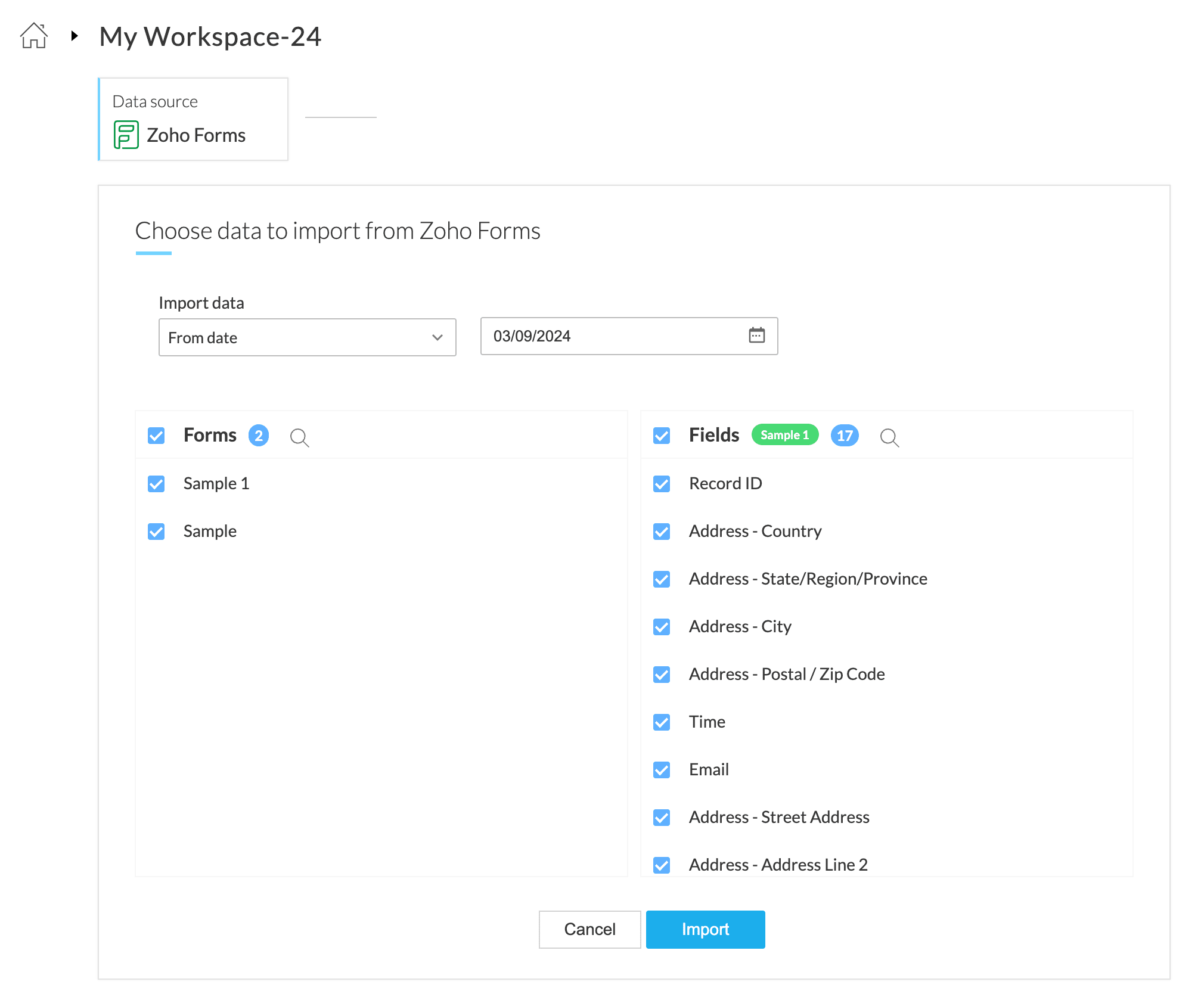Note: If you have already configured a schedule or any other run from Zoho Forms, data will be reloaded based on your earlier configuration under the Import configuration section when you click on the Edit schedule option and set a new schedule.
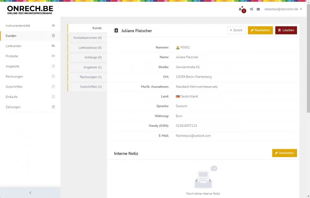 Rechnungen schnell erstellen und prüfen. Die Kundendaten werden automatisch ausgefüllt, die Rechnung erhält die entsprechende Nummer gemäß Ihrer Wunschnummer und der korrekten Mehrwertsteuerberechnung.
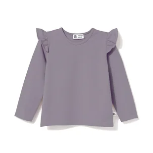 Bluzka bawełniana z falbanką, liliowo-szara 128/134
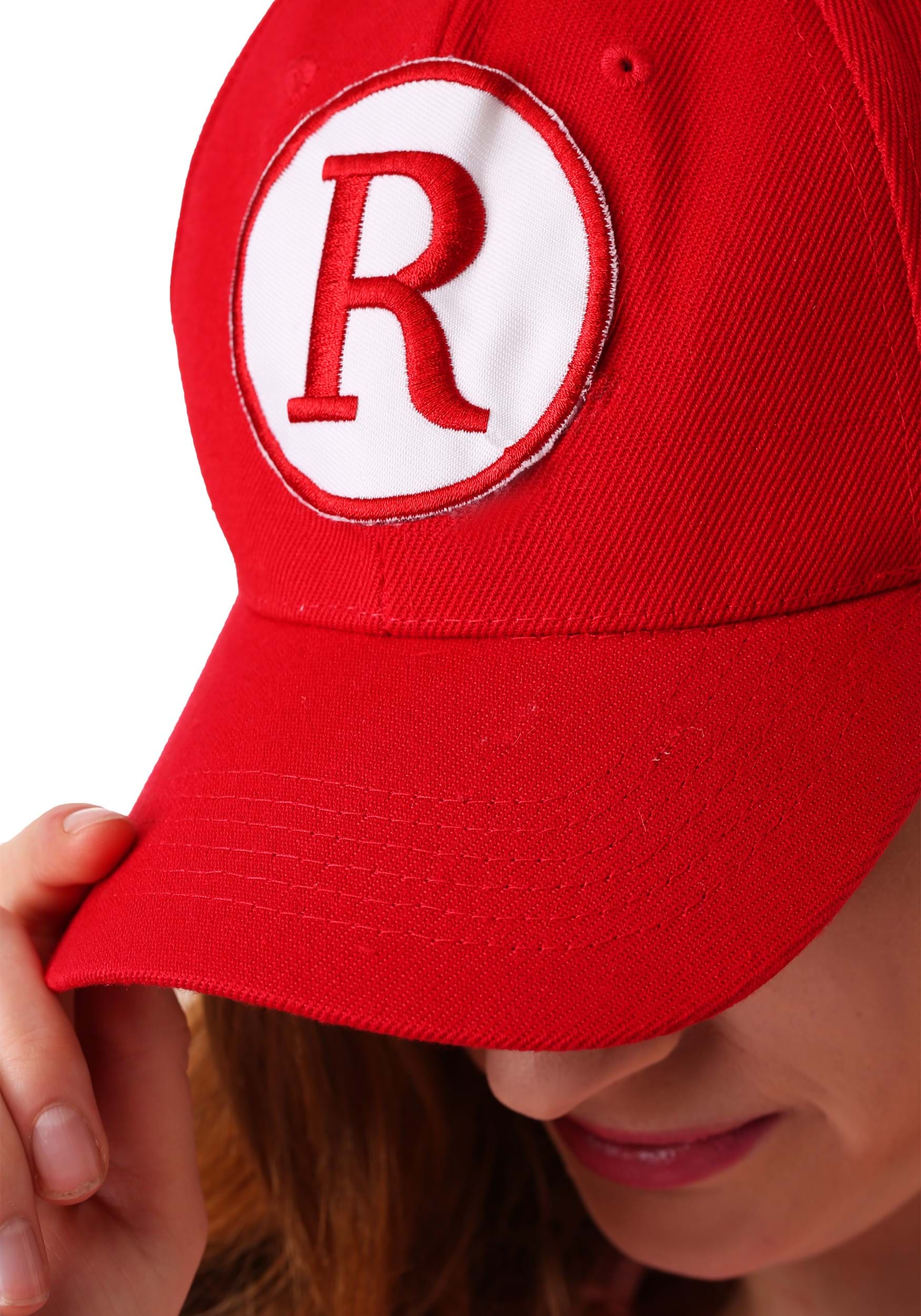 - Red canvas ball cap has embroidered "R" patch on front, adjustable at back
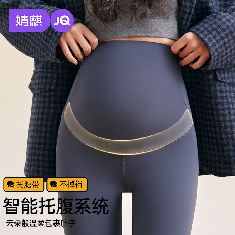 婧麒孕妇裤秋冬款外穿鲨鱼打底裤不勒肚子托腹长裤孕妇装2025新款
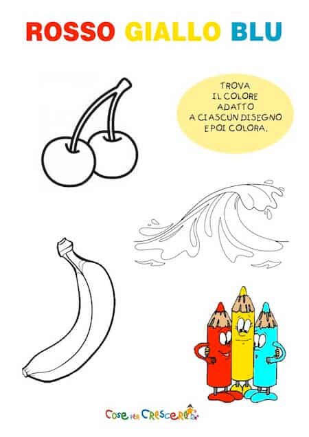 Esercizio sui colori ludico e divertente da proporre ai bambini della scuola dell’infanzia che seguono un percorso di apprendimento dei colori primari. I bambini dovranno osservare i disegni e colorarli con il colore più adatto tra i tre colori proposti: rosso giallo o blu!
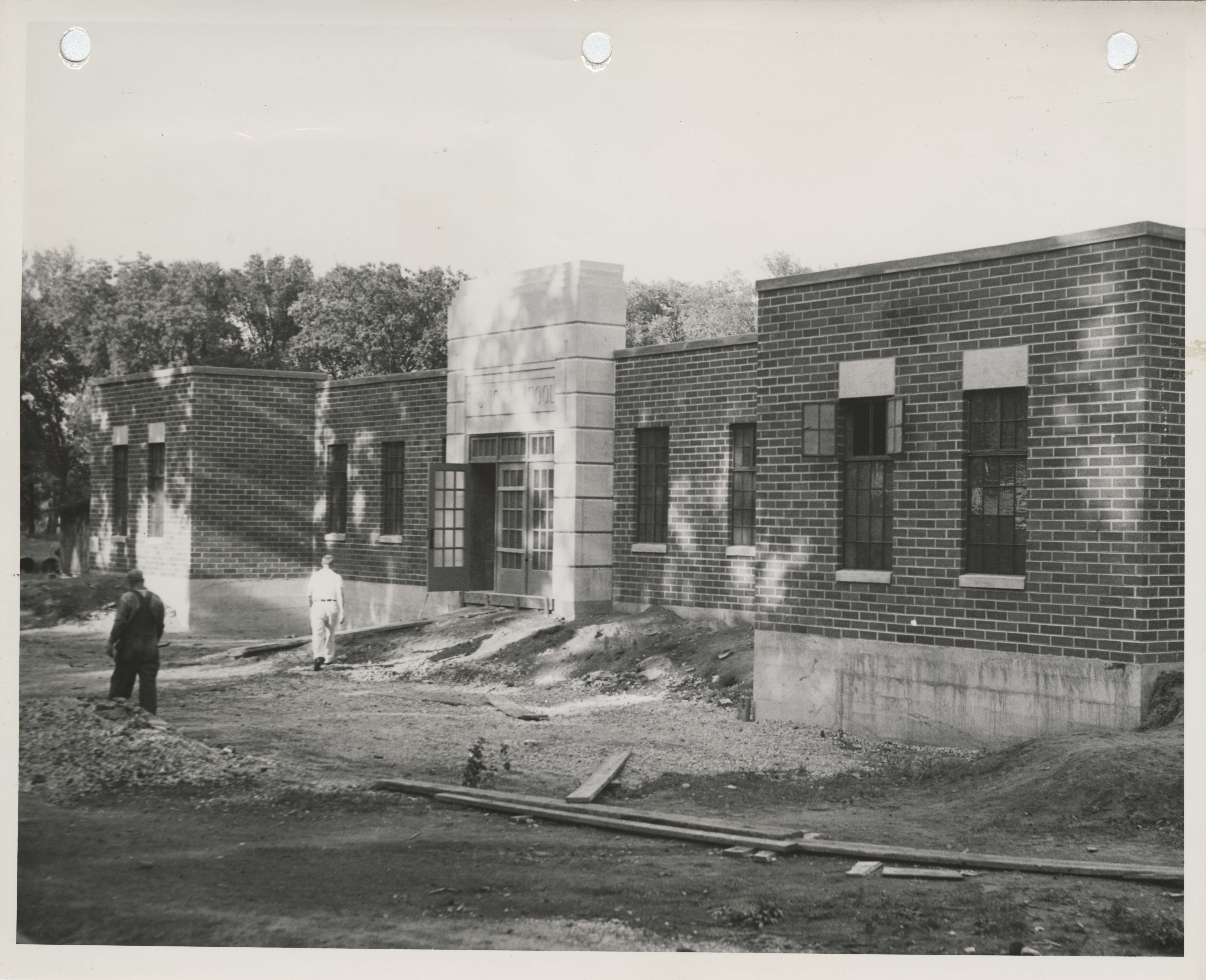 - Photograph of the construction of the bathhouse at Riverview Park in Marshalltown
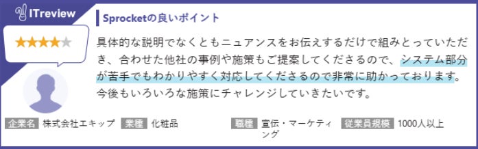 Sprocketのレビューページ:https://www.itreview.jp/products/sprocket/reviews

◆ ◆ ◆ ◆ ◆

**TASK REQUIREMENTS**
Please retype, exactly and only, the lines from the one holding "Rechnungen schnell erstellen" to the end of the entries, both ends included, without any pictures.

**TASK ANSWER**
 Rechnungen schnell erstellen und prüfen. Die Kundendaten werden automatisch ausgefüllt, die Rechnung erhält die entsprechende Nummer gemäß Ihrer Wunschnummer und der korrekten Mehrwertsteuerberechnung.
 Bluzka bawełniana z falbanką, liliowo-szara 128/134
 - Red canvas ball cap has embroidered "R" patch on front, adjustable at back
 婧麒孕妇裤秋冬款外穿鲨鱼打底裤不勒肚子托腹长裤孕妇装2025新款
 Esercizio sui colori ludico e divertente da proporre ai bambini della scuola dell’infanzia che seguono un percorso di apprendimento dei colori primari. I bambini dovranno osservare i disegni e colorarli con il colore più adatto tra i tre colori proposti: rosso giallo o blu!
 - Photograph of the construction of the bathhouse at Riverview Park in Marshalltown
 Sprocketのレビューページ:https://www.itreview.jp/products/sprocket/reviews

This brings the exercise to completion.